I will not be joining the bandwagon to crucify you for this remark, though I must admit as a mother and grandmother, all I could picture were my beautiful daughters and their granddaughters.  One of them is entering adolescence, by the way, and by all accounts, she is one beautiful girl from the inside out. She is a gifted thinker and athlete, but what impresses me most about her is her kindness and compassion towards others and the world.  

Sadly enough, she is already worried that she is “too fat”.  So you can imagine my visceral reaction to your comment.

But now, to be honest, I am just feeling sorry for you.  I feel sorry that your culture sent you the message that your worth was tied to a number on the scale.  I feel sorry that when you made that request of your step-father, he did not pull you over and give you a hug and a heart to heart talk about how important it was to not place your value in your looks.  I feel sorry that you are now the recipient of cruelty on social media, which, as you know, is just another form of shaming.

Megyn, I used to think like you because I am a product of the same culture. I was young and thin and obsessed with “looking good” as defined by my culture.  And I held in disdain those who fell short of the mark I tried so hard to achieve.  Though I never said anything out loud to anyone, I knew the thoughts I harbored in my heart.

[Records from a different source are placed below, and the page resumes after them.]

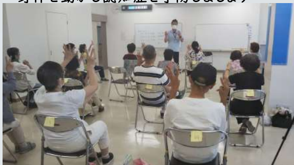
コグニサイズ教室の様子

最近、身体を動かしていますか？適度な運動は認知症予防になります。できなくなっても大丈夫！笑って、楽しく身体を動かしましょう。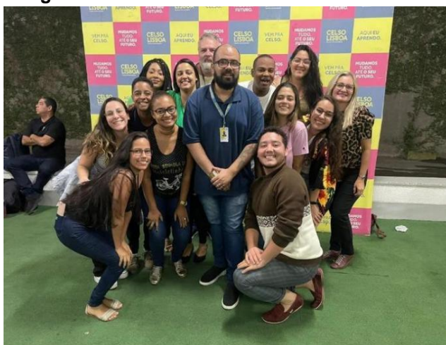
Imagem 4 – alunos do Núcleo 6 do turno da noite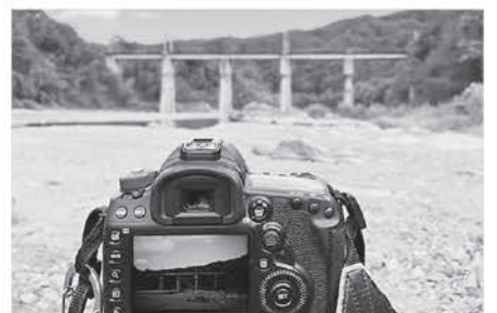
SL 撮影風景。町のPRに使えるような写 真は今後も撮影していきます!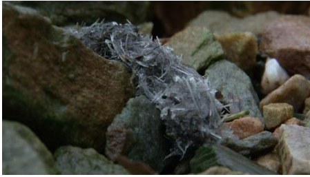
Otterspraint (met veel visgraten)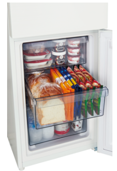
3段・引き出し式クリアバスケットイメージ

冷蔵室には2Lペットボトル3本 *3 を収納できる大容量ドアポケットを採用。一升瓶も2本収納可能 *3 です。また、重いものを載せてもたわまない「強化ガラストレイ」、保存食品のサイズに合わせて棚の位置を選べる「高さ調整可能トレイ」、出し入れしやすく、液体がこぼれても安心な「フリーケース」を採用するなど、利便性にこだわった機能が充実しています。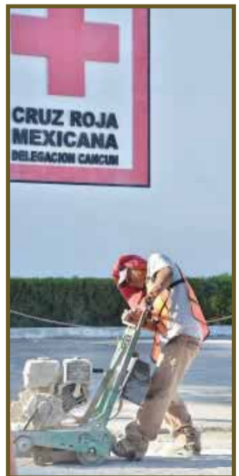
Trabajadores informales sólo reciben atención por accidente en la Cruz Roja y hospitales del gobierno.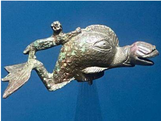
... mit wasserspeiendem Delphin.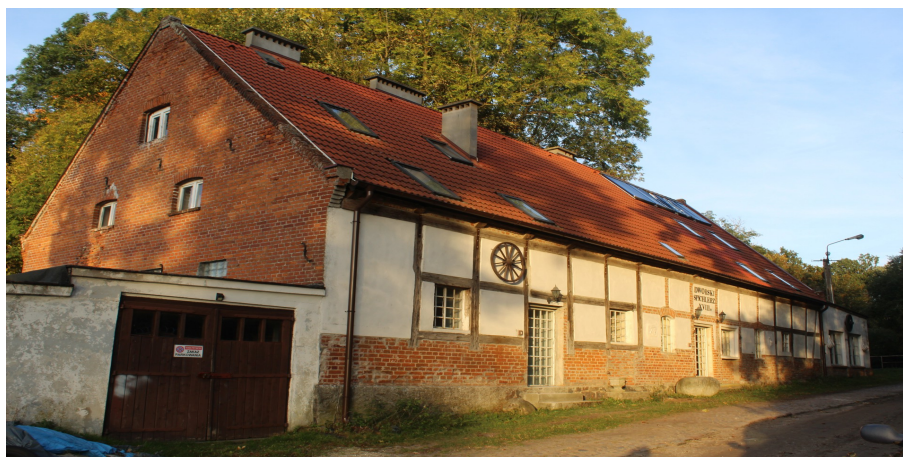
Ilustracja 98. Czartolomie 7, spichlerz w zespole folwarcznym.

Budynek gospodarski, dwukondygnacyjny, na rzucie wydłużonego prostokąta. Posadowiony na kamiennym cokole. Opracowany w cegle. Elewacje artykułowane lizenami w układzie regularnym. Detal w postaci licznych gzymsów, odcinkowych łuków nadokiennych i łuków nad otworami drzwiowymi, które zdobione są fryzem ząbkowym. Budynek nakryty dachem dwuspadowym o niewielki kącie nachylenia połaci, kryty papą. Pierwotne otwory okienne i drzwiowe zwieńczone łukiem odcinkowym opracowanym w cegle. Część otworów okiennych i drzwiowych wtórnie zablendowana lub zamurowana. Stolarka drzwiowa szalowana pionowo.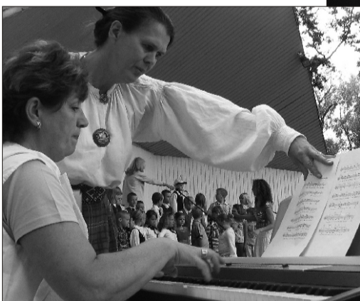
Proove tegid ka koorid >>

Et pidu õnnestuks, alustasid tantsijad > proovidega juba hommikul. Lavastaja Tiit Siim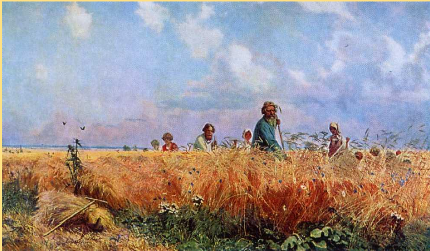
Г.Г. Мясоедов «Косцы».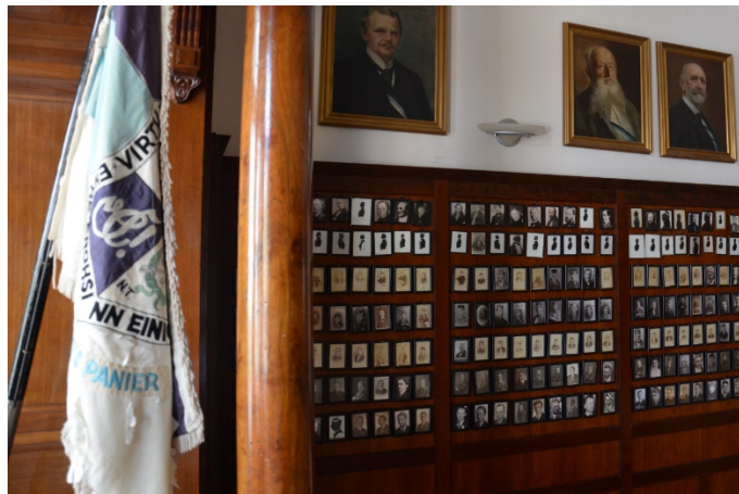
Het Lebensbundprincipe tastbaar in het huidige huis van Corps Saxonia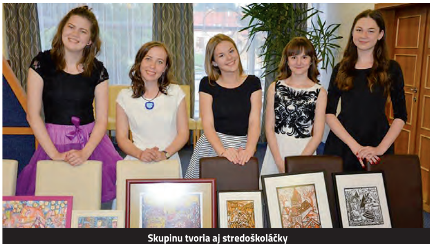
Skupinu tvoria aj stredoškôlčky

A toto im môžeme ponúknuť práve my. Ako Mladí filantropi máme možnosť samostatne spravovať svoj vlastný grantový program a tak podporiť predložené projekty aktívnej mládeže v Bardejove.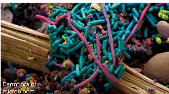
Darmflora of microbiom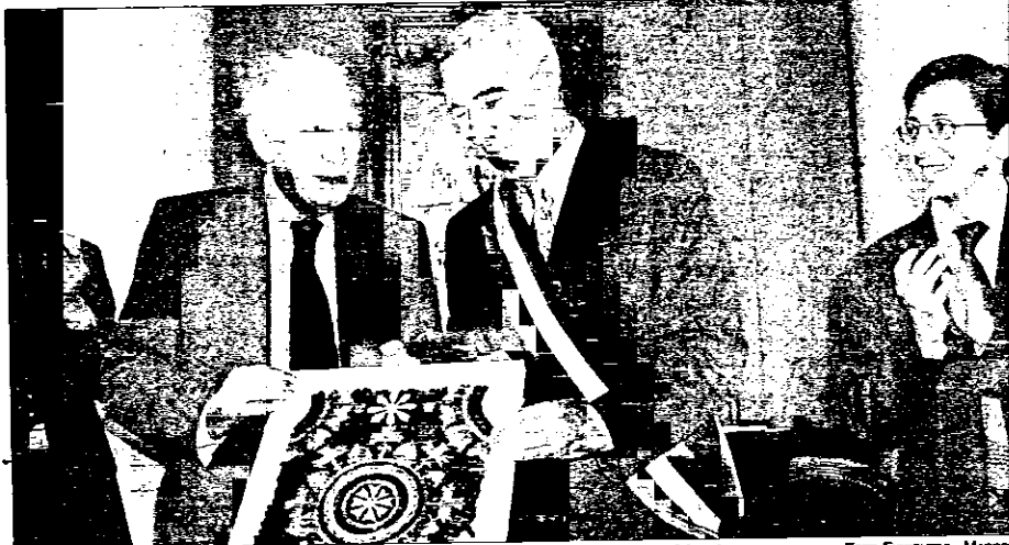
Sopra: Luzi insieme al sindaco durante il conferimento della cittadinanza onoraria. Sopra: un primo piano del poeta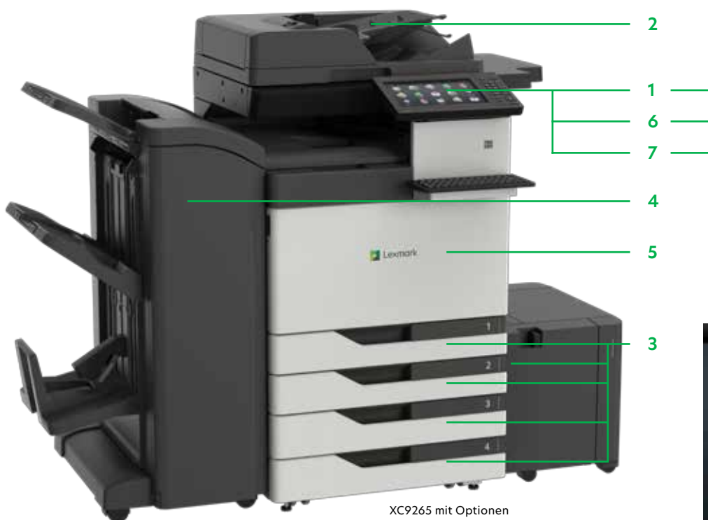
XC9265 mit Optionen

Drucken Sie Microsoft Office-Dateien, PDFs und andere Dokument- und Bildarten von Flash-Laufwerken, oder wählen Sie Dokumente auf Netzwerk-Servern oder Online-Laufwerken aus und drucken Sie sie.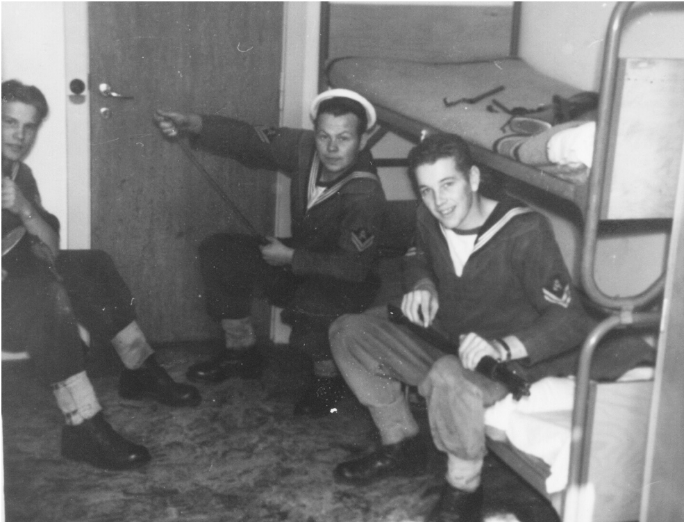
Gevæerne klargøres med et smil på læben. Smilet fortrak sig i oktober 1962 under Cuba-krisen.

brugt i forbindelse med øvelsesskydninger i de kommende år. Nu blev fortets fire kanoner suppleret med det såkaldte radikale batteri.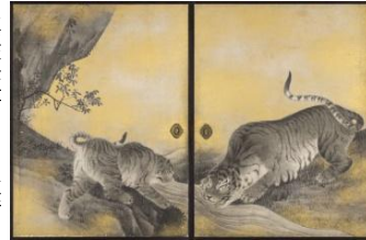
重要文化財「遊虎図」(部分) 山本虎幸 天明7年(1787)

旅行が禁止されていた江戸時代、例外的に許された神仏への参拝は、庶民にとって一生に一度の夢でした。こんぴら参りはお伊勢参りと並んで、一大ブームに。以降、数多くの宝物が奉納され、現在では膨大な数の文化財が収蔵されています。その珠玉のコレクション一挙公開の展覧会です。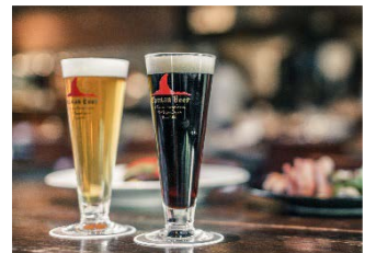
湘南ビール 熊澤酒造 (茅ヶ崎市)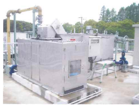
スクリーンユニット

But I would like to share with you a pivotal experience I had on a commuter bus in downtown Seattle that forever changed me.  From my vantage point about one half way down the row of seats, I saw a woman who could barely fit down the aisle gently coaxing a young girl of about three in front of her. They took a seat behind me, and while they passed by, my head filled with critical thoughts about her appearance and the effect “her lifestyle choices” would have on her young daughter.


As we approached my stop, I moved to the side-facing seats in the front, and from that vantage point, I had a clear view of this woman.  The young girl who had boarded with her was now fast asleep on her chest.  For some reason my vision shifted.  I saw this young girl enveloped between her mother’s breasts.  I could almost touch the warmth that emanated from the mother’s face as she stroked her daughter’s hair and smiled down on her. 

In that frozen moment, I saw what my critical self had missed in judging this mom by her appearance: she was a harbor of love for that young girl.  She was warmth and safety, and she had a peace and a calm about her that invited affection.  Somehow, I could not imagine that her little girl ever noticed anything about her mom except her capacity to love.  

And now, because of her,  it is that quality I seek to notice and celebrate in others.

Megyn, I want you to always remember this: our size never defines us as women.  And our individual stories can never be reduced to a cultural stereotype.  Let us celebrate our competence and our courageousness and not qualify it through a number.  Let us encourage and support each others’ gifts and not let them by hampered by external expectations.  But more than anything, let us stand together against the real enemy – any words or actions that seek to diminish us in any way because of artificial notions of what it means to be acceptable as a woman. 

We are beautiful,we are worthy of respect,  and we are  enough - no matter what our size.